Data science is an exciting field to work in, combining advanced statistical and quantitative skills with real programming ability . The aspiring data scientist might consider specializing in many potential programming languages.
While there is no correct answer, there are several things to consider. Your success as a data scientist will depend on many factors, including :
When it comes to advanced data science, you can only reinvent the wheel every time . Learn to master the different packages and modules offered in the language of your choice . The extent to which this is possible depends primarily on the domain-specific packages available to you!
A high-level data scientist will have good programming skills, as well as the ability to cut numbers. The bulk of the work daily in data science is devoted to research and processing of raw data or “data cleansing” . For that, no amount of sophisticated machine learning packages will help.
In the rapidly evolving world of business data science, there is a lot to be said about getting the job done quickly. However, this is what allows technical debt to creep in – and it is only through good practice that it can be minimized .
In some cases, optimizing the performance of your code is essential , especially when dealing with large volumes of critical data. Compiled languages are generally much faster than interpreted ones; Likewise, statically typed languages are considerably more reliable than dynamically typed languages. The obvious trade-off is against productivity.
To a certain extent, they can be seen as a couple of axes (specificity generality, performance-productivity). Each of the languages below falls somewhere on these spectra.
With these fundamentals in mind, let’s take a look at some of the most popular languages used in data science.
Released in 1995 as a direct descendant of the old S programming language, R has grown increasingly powerful . Written in C, Fortran and itself, the project is currently supported by the R Foundation for Statistical Informatics .
- Excellent range of high quality, domain specific and open source packages . R offers a package for almost every quantitative and statistical application imaginable. This includes neural networks, nonlinear regression, phylogenetics, advanced tracing, and many more.
- The basic installation includes very comprehensive and integrated statistical functions and methods. R also handles matrix algebra very well.
- Data visualization is a big plus with the use of libraries such as ggplot2 .
- Performance. There are not two ways, R is not a fast language .
- Domain specificity. R is great for statistics and data science. But less for general programming.
- Oddities. R has a few unusual features that might appeal to programmers experienced in other languages. For example: indexing from 1, use of several assignment operators, unconventional data structures.
R is a powerful language that excels in a wide variety of statistical and data visualization applications , and being open source allows for a very active community of contributors. Its recent growth in popularity is testament to its effectiveness.
Guido van Rossum introduced the Python language in 1991. It has since grown into an extremely popular, versatile language widely used by the information technology community. The major versions are currently 3.6 and 2.7 .
- Python is a very popular and very popular general purpose programming language. It offers a wide range of specially designed modules and community support. Many online services provide a Python API.
- Python is an easy language to learn. The low barrier to entry makes it an ideal mother tongue for programming beginners.
- Packages like pandas , scikit-learn, and Tensorflow make Python a solid option for advanced machine learning applications.
- Type Safety: Python is a dynamically typed language , which means you need to be extremely careful. Type errors (such as passing a string as an argument to a method that expects an integer) should be expected from time to time.

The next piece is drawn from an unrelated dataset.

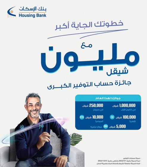 انطلاقا من سياسة البنك الهادفة لتعزيز ثقافة الادخار لدى عملائه ومكافأتهم على ولائهم وثقتهم، أطلق بنك الإسكان حملته الترويجية الخاصة بحسابات التوفير للعام 2022 تحت شعار "خطوتك الجاية أكير" وتبلغ قيمة الجائزة الكبرى مليون شيقل تقدم في نهاية العام، وذلك سعيا من البنك لتشجيع المواطن الفلسطيني بشكل عام وعملاء البنك بشكل خاص على التوفير والادخار، ومن جانب آخر منح المدخرين لدى البنك من كافة القطاعات وجميع الأعمار فرصاً كبيرة للفوز بجوائز عديدة وبقيم كبيرة.

- For statistical and specific data analysis purposes, R’s wide range of packages gives it a slight edge over Python. For general purpose languages, there are faster and more secure alternatives to Python.
Python is a great choice of language for data science, and not just for beginners. Much of the data science process revolves around the ETL (extract-transform-load) process. This makes the generality of Python perfectly suited. Libraries like Google’s Tensorflow make Python a very interesting language to work in for machine learning.
SQL (‘Structured Query Language’) defines, manages and queries relational databases . The language first appeared in 1974 and has since undergone numerous implementations, but the basic principles remain the same.
Varies – some implementations are free, other owners
- Very efficient for querying , updating and handling relational databases.
- The declarative syntax makes SQL an often very readable language.
- The SQL language is widely used in many applications , which makes it a very useful language to know. Modules such as SQLAlchemy make it easy to integrate SQL with other languages.
- SQL’s analytical capabilities are rather limited – beyond aggregating and summing, counting and averaging data, your options are limited.
- For programmers coming from an imperative background, SQL declarative syntax can present a learning curve.
- There are many different implementations of SQL, such as PostgreSQL , SQLite , MariaDB . They are all different enough to make interoperability a headache.
SQL is more useful as a computer language than as an advanced analytical tool. Yet a large part of the data science process relies on ETL, and SQL’s longevity and efficiency prove that it is a very useful language for the data scientist to know.